Genes Nutr. 2008 Feb;2(4):327-30. doi: 10.1007/s12263-007-0068-8.
In this study, we investigated the lipolytic effects of eicosapentaenoic acid (EPA) in 3T3-L1 adipocytes. The differentiated 3T3-L1 adipocytes were treated in a serum-free medium with 300 muM of EPA for 3, 6, 12, and 24 h. In comparison with the control, intracellular lipid accumulation was significantly decreased by 24% at 24 h following the addition of EPA (P < 0.05). Under the same experimental conditions, there was an increase of glycerol and free fatty acids (FFAs). The mRNA level of carnitine palmitoyltransferase I-a, a component of the fatty-acid shuttle system involved in the mitochondrial oxidation of long-chain fatty acids, was also significantly elevated by EPA (P < 0.05). However, the expression of peroxisome proliferator-activated receptor-gamma and acetyl-CoA carboxylase (ACC), which are involved in adipogenesis, was significantly down-regulated by EPA (P < 0.05). These results suggest that EPA may modulate lipid metabolism by stimulation of lipolysis, which was associated with induction of lipolytic gene expression and suppression of adipogenic gene expression in 3T3-L1 adipocytes.

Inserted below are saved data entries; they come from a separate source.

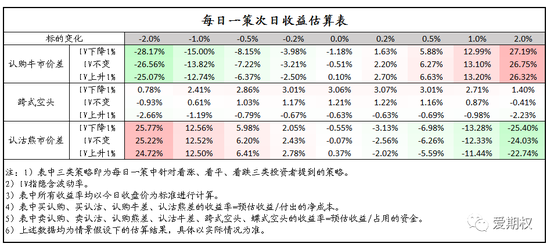 可以通过负vega策略布局波动率回落。认为市场波动将逐渐降低的投资者可以通过跨式空头、宽跨式空头等负vega策略布局隐含波动率回落。在目前隐含波动率相对偏高的环境下,相应的获利空间和获利机会比较大。不过也有两点需注意,其一仓位不要过重,虽然隐含波动率已经较高,但并不意味着未来隐含波动率就不会再上涨了。如果仓位太满,很可能在一次波动中导致保证金不足从而遭受损失。其二要做好注意做好风控措施,做好出现极端行情该怎么办的打算。
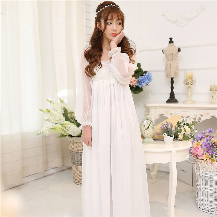 Женское шифоновое платье в пол, белое элегантное платье-макси в стиле Фэнтези с длинным рукавом-фонариком, WF108
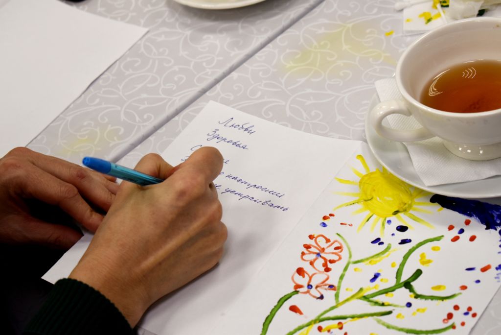 Синие, красные, зеленые незабудки расцветают на бумаге под руками пожилых людей. Они очень внимательно слушают инструкции, стараются как можно осторожнее обмакнуть ватные палочки в гуашь. Каждое поле незабудок неповторимо. На подсохших открытках сбоку или на обороте написаны теплые пожелания – здоровья, долголетия, но самое главное из них – помнить.
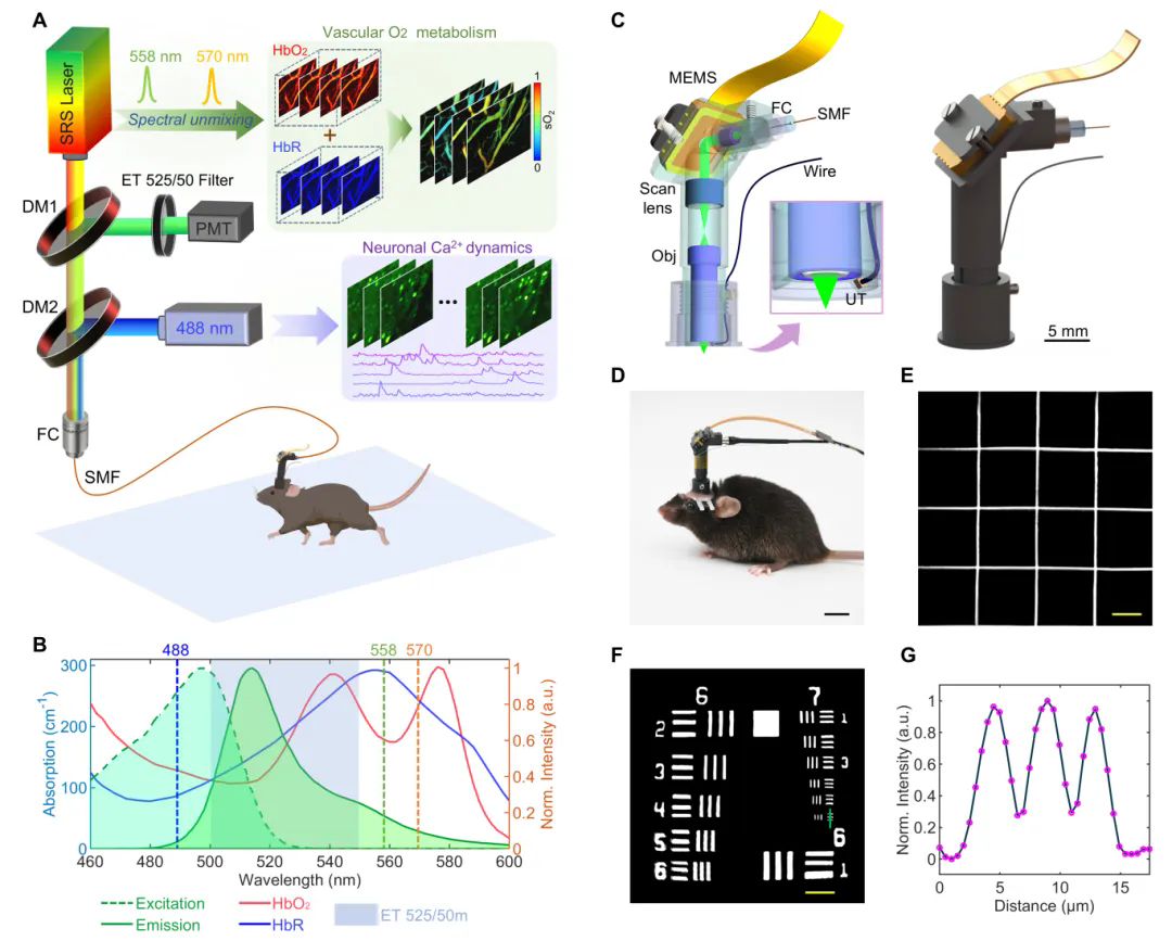 (A)头戴式光声/荧光双模态成像平台;(B)双模态激发与发射光谱;(C)微型化成像探头设计;(D)小鼠头戴式自由活动;(E)成像视场标定,标尺:50 μm;(F-G)分辨率标定,标尺:40 μm。
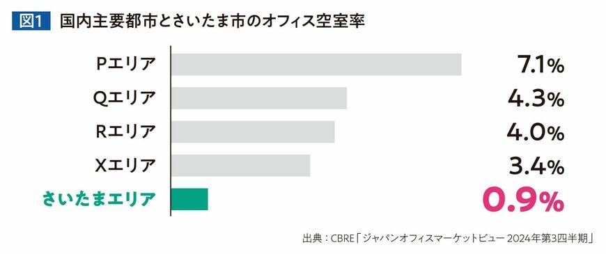 「堅調なのがさいたま市です。2024年第3四半期のデータでは0.9%と、国内主要都市で最も低い空室率となっています」(図1)
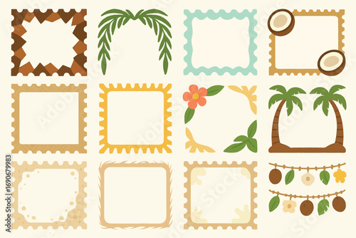 Tropical Palm Tree and Coconut Decorative Frames Collection
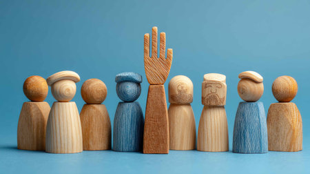 A creative assembly of wooden figurines in various colors symbolizes diversity and teamwork. The artful arrangement promotes unity and collaboration in communities.
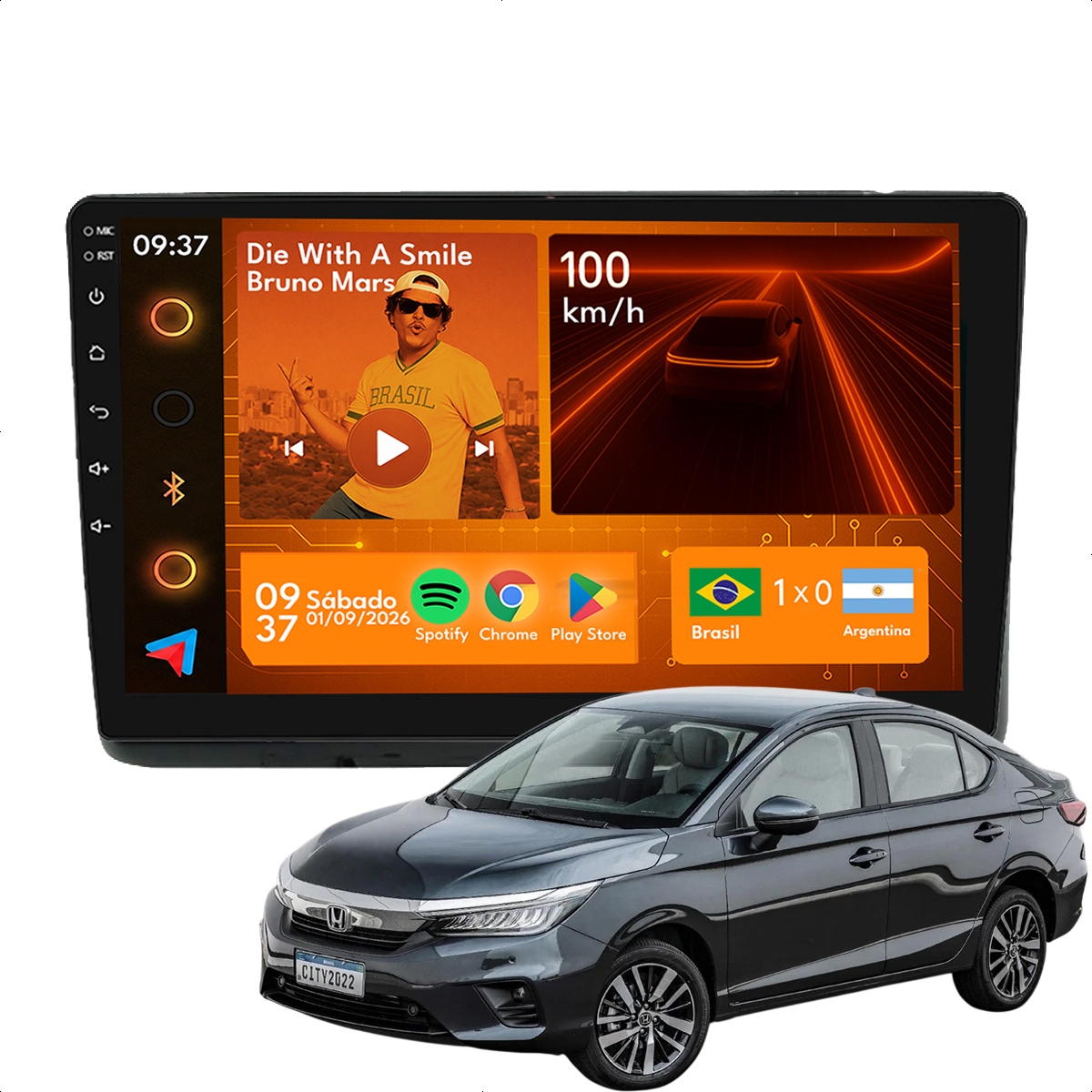 Central Multimidia 9” CarPlay + Android Auto, Wi-Fi, GPS, Câmera de Ré para Honda City 2021 a 2023
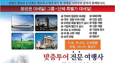 한국및 전 세계 항공(관광)특가 한우리여행사(213-388-4141)
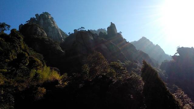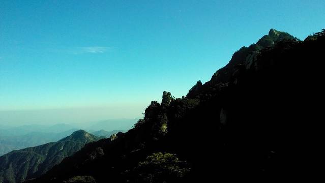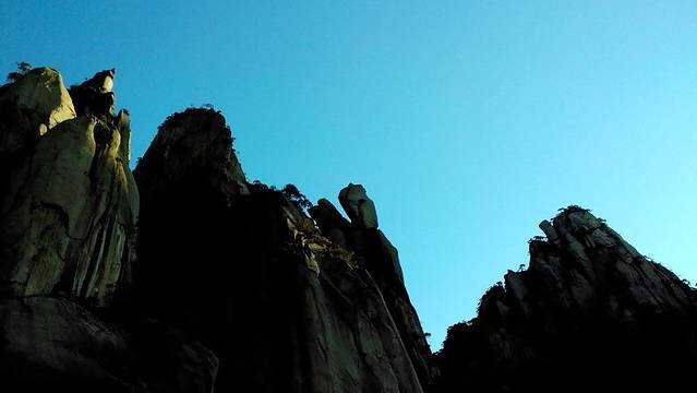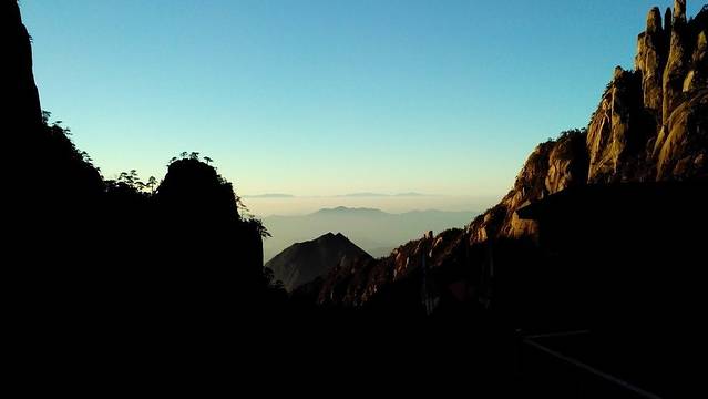 三清山天门群峰下这有高空探照灯亮路,但其他大多数地方较暗,不像黄山晚上山道旁有微光的路灯,所以如果月光也不亮的别太晚回山上住宿地或下山,晚上的星空还是很清晰的,让自己的眼睛和星月对视会感受来自遥远星球的凝视吧...

在这项研究中,我们研究了二十碳五烯酸(EPA)在 3T3-L1 脂肪细胞中的脂肪分解作用。将分化的 3T3-L1 脂肪细胞在无血清培养基中用 300 μM 的 EPA 处理 3、6、12 和 24 h。与对照组相比,添加 EPA 24 h 后细胞内脂质积累显著减少了 24%(P < 0.05)。在相同的实验条件下,甘油和游离脂肪酸(FFAs)增加。涉及长链脂肪酸线粒体氧化的脂肪酸穿梭系统的组成部分肉毒碱棕榈酰转移酶 I-a 的 mRNA 水平也被 EPA 显著上调(P < 0.05)。然而,参与脂肪生成的过氧化物酶体增殖物激活受体-γ和乙酰辅酶 A 羧化酶(ACC)的表达被 EPA 显著下调(P < 0.05)。这些结果表明,EPA 可能通过刺激脂肪分解来调节脂肪代谢,这与 3T3-L1 脂肪细胞中脂肪分解基因表达的诱导和脂肪生成基因表达的抑制有关。